Stored items
━━━━━━━━━━
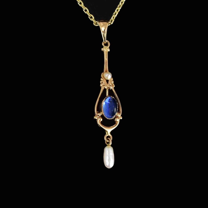Be the first to review “18K Gold Art Nouveau Blue Sapphire Pearl Lavaliere Necklace”
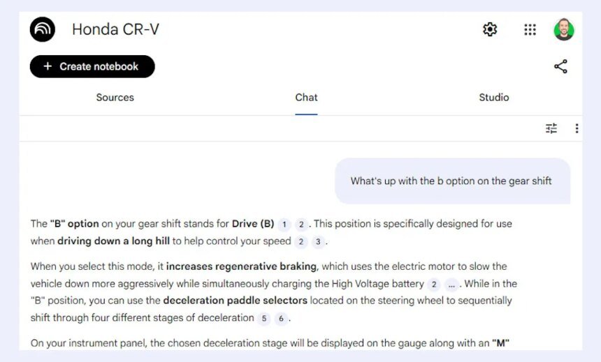 Later, after downloading a PDF of the manual from Honda’s website and then uploading it into NotebookLM, it took me all of 10 seconds to reach the same answer—simply by asking.
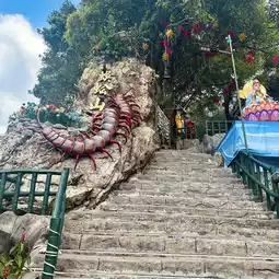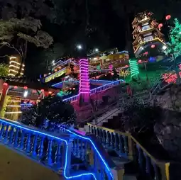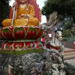 Free car park for temple goers is located at the corner of Jalan Temiang and Jalan Bukit Temiang 1 with a steep drive uphill. Visitors to the temple hope to find a centipede here as it is believed this will bring good luck and prosperity. There is a lucky tortoise pool and a koi pond overlooked by a statue of Guan Yin along with some nice statues of immortals, laughing buddha and bodhisattvas. It offers a good view overlooking Seremban with fresh cool breeze as it situated at a hill.
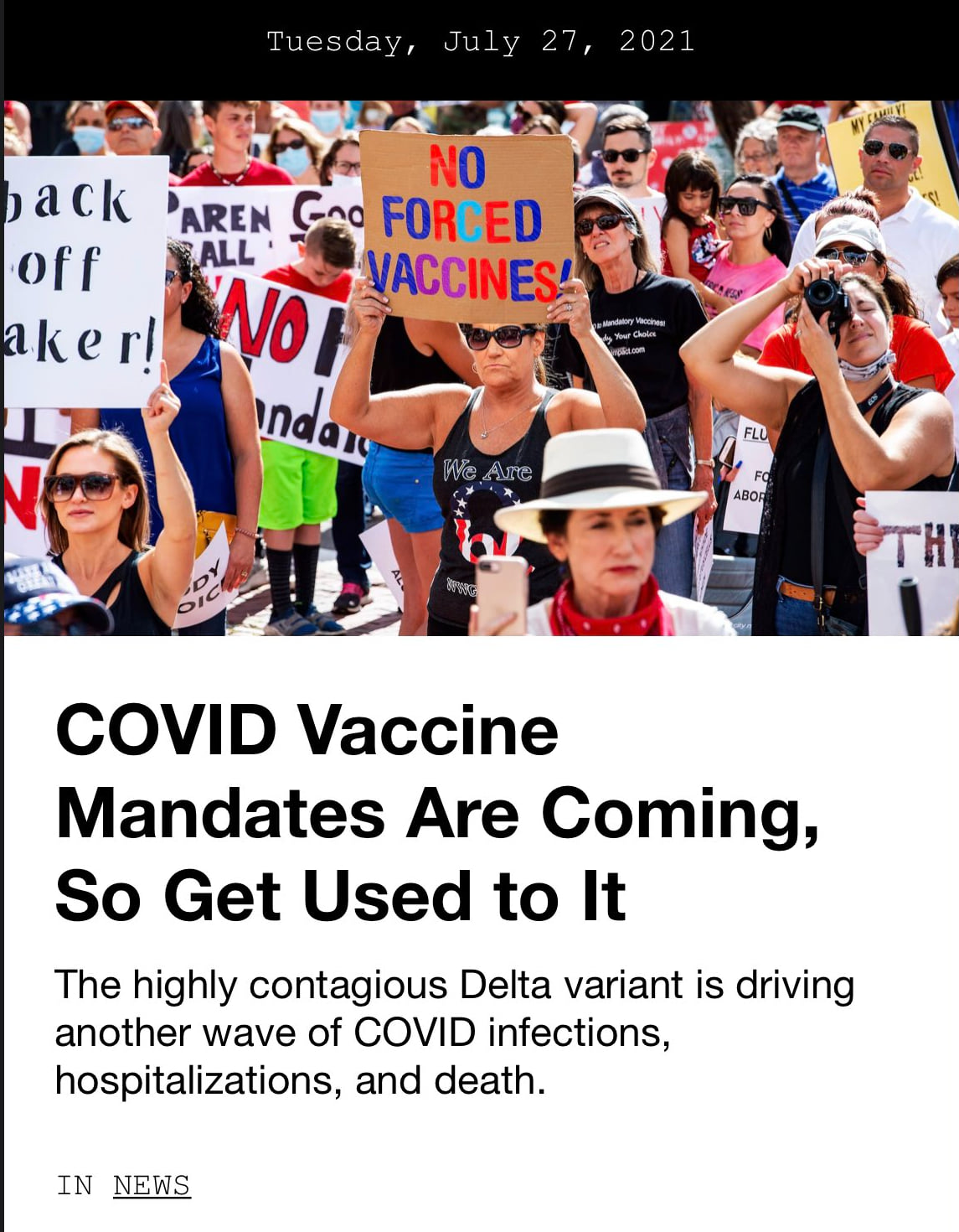 This was the NY governor's quote from yesterday's press brief, “We have to knock on those doors, and we have to convince people, put them in cars and drive them and get that vaxx in their arm. That is the mission.”
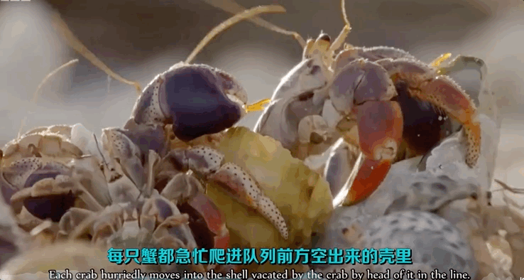 之後,一項偉大的繼承儀式開始了。最大的蟹搬進新的大房子裏,它空出來的二手房便留給下一位,依次類推。
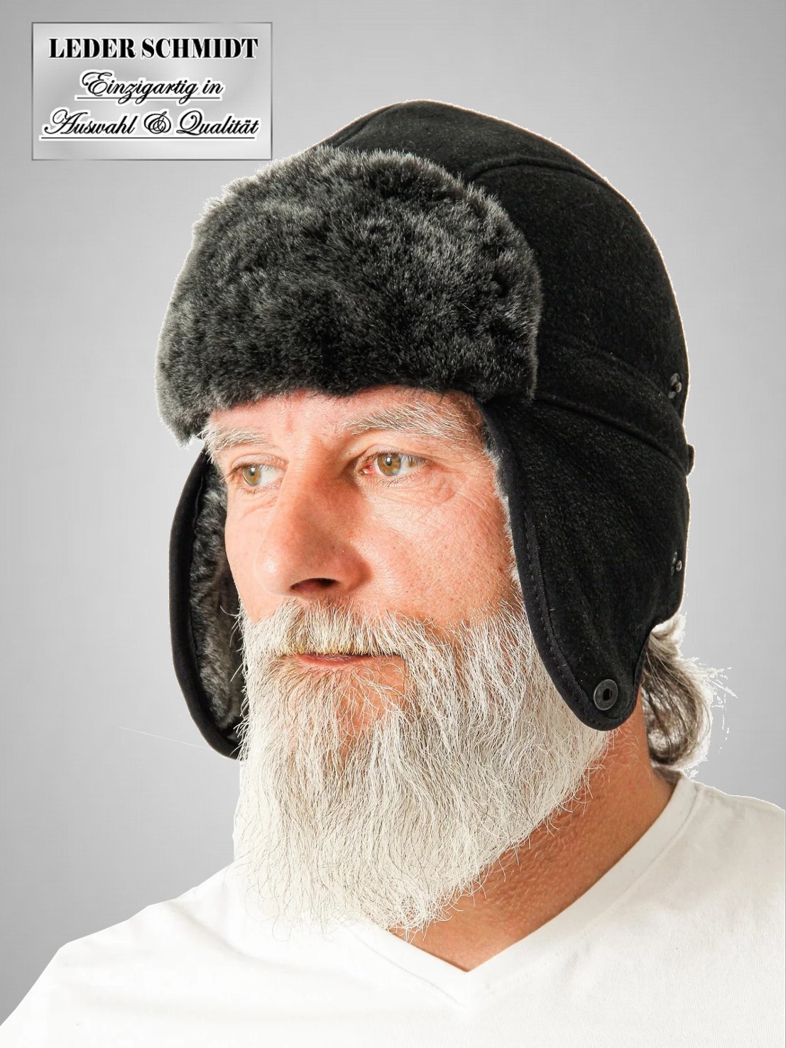 Warme Herren Lammfellmütze mit Ohrenklappen für die kalten Wintertage
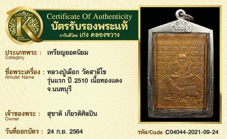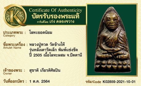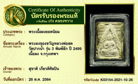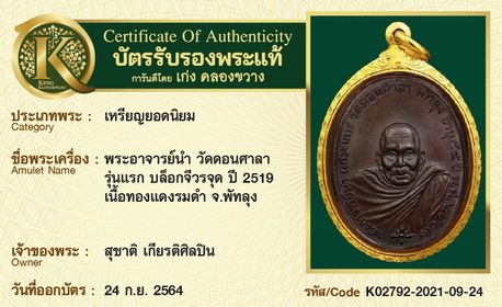 การันตีพระแท้ 100% พร้อมบัตรรับรองพระแท้ เก่ง คลองขวาง
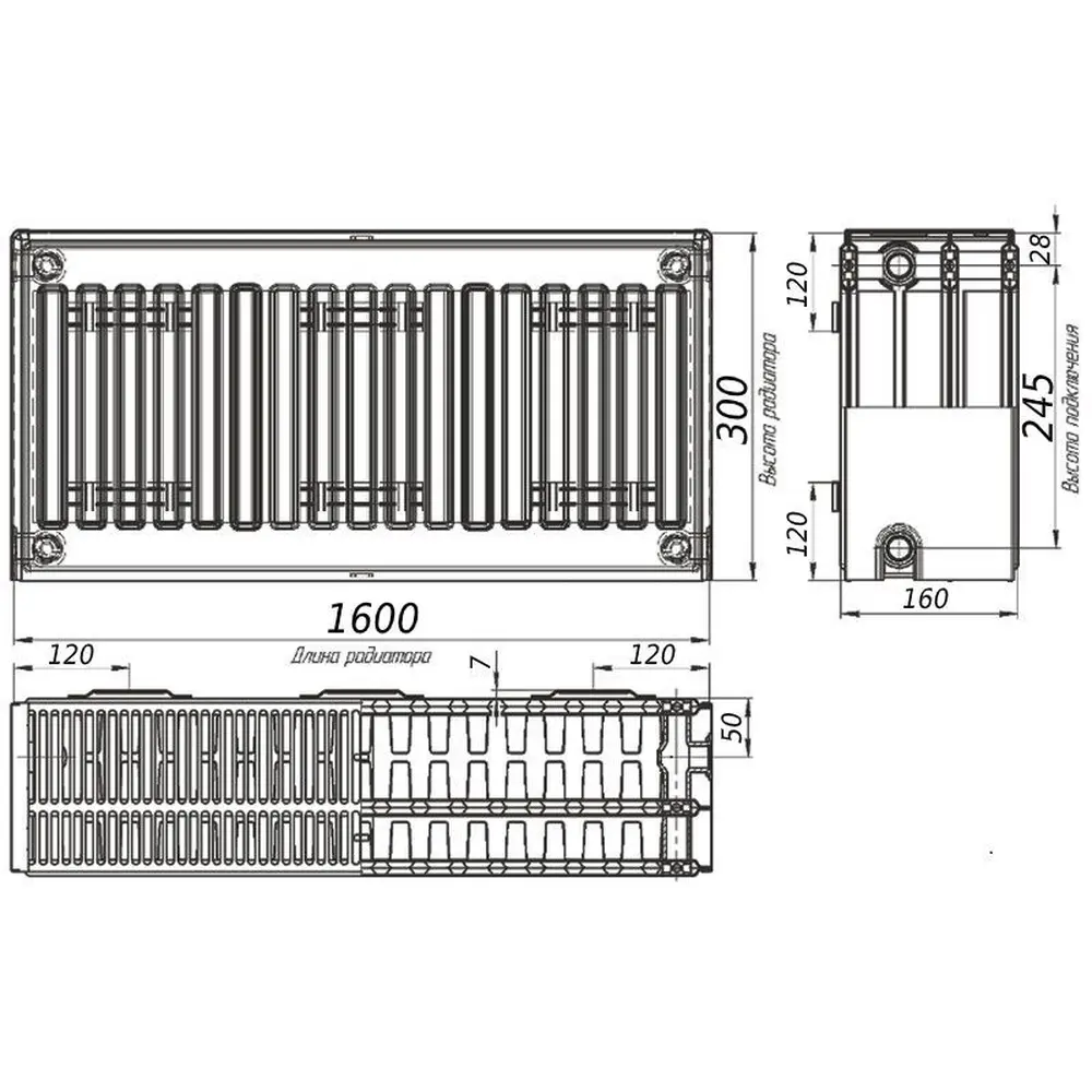 Радиатор стальной панельный тип 33 (бок) 300х1600 KALDE 0333-rad-301600 3098Вт
━━━━━━━━━━
Retype the whole of the data verbatim. Skip every picture.

Be the first to review “18K Gold Art Nouveau Blue Sapphire Pearl Lavaliere Necklace”
 Later, after downloading a PDF of the manual from Honda’s website and then uploading it into NotebookLM, it took me all of 10 seconds to reach the same answer—simply by asking.
 Free car park for temple goers is located at the corner of Jalan Temiang and Jalan Bukit Temiang 1 with a steep drive uphill. Visitors to the temple hope to find a centipede here as it is believed this will bring good luck and prosperity. There is a lucky tortoise pool and a koi pond overlooked by a statue of Guan Yin along with some nice statues of immortals, laughing buddha and bodhisattvas. It offers a good view overlooking Seremban with fresh cool breeze as it situated at a hill.
 This was the NY governor's quote from yesterday's press brief, “We have to knock on those doors, and we have to convince people, put them in cars and drive them and get that vaxx in their arm. That is the mission.”
 之後,一項偉大的繼承儀式開始了。最大的蟹搬進新的大房子裏,它空出來的二手房便留給下一位,依次類推。
 Warme Herren Lammfellmütze mit Ohrenklappen für die kalten Wintertage
 การันตีพระแท้ 100% พร้อมบัตรรับรองพระแท้ เก่ง คลองขวาง
 Радиатор стальной панельный тип 33 (бок) 300х1600 KALDE 0333-rad-301600 3098Вт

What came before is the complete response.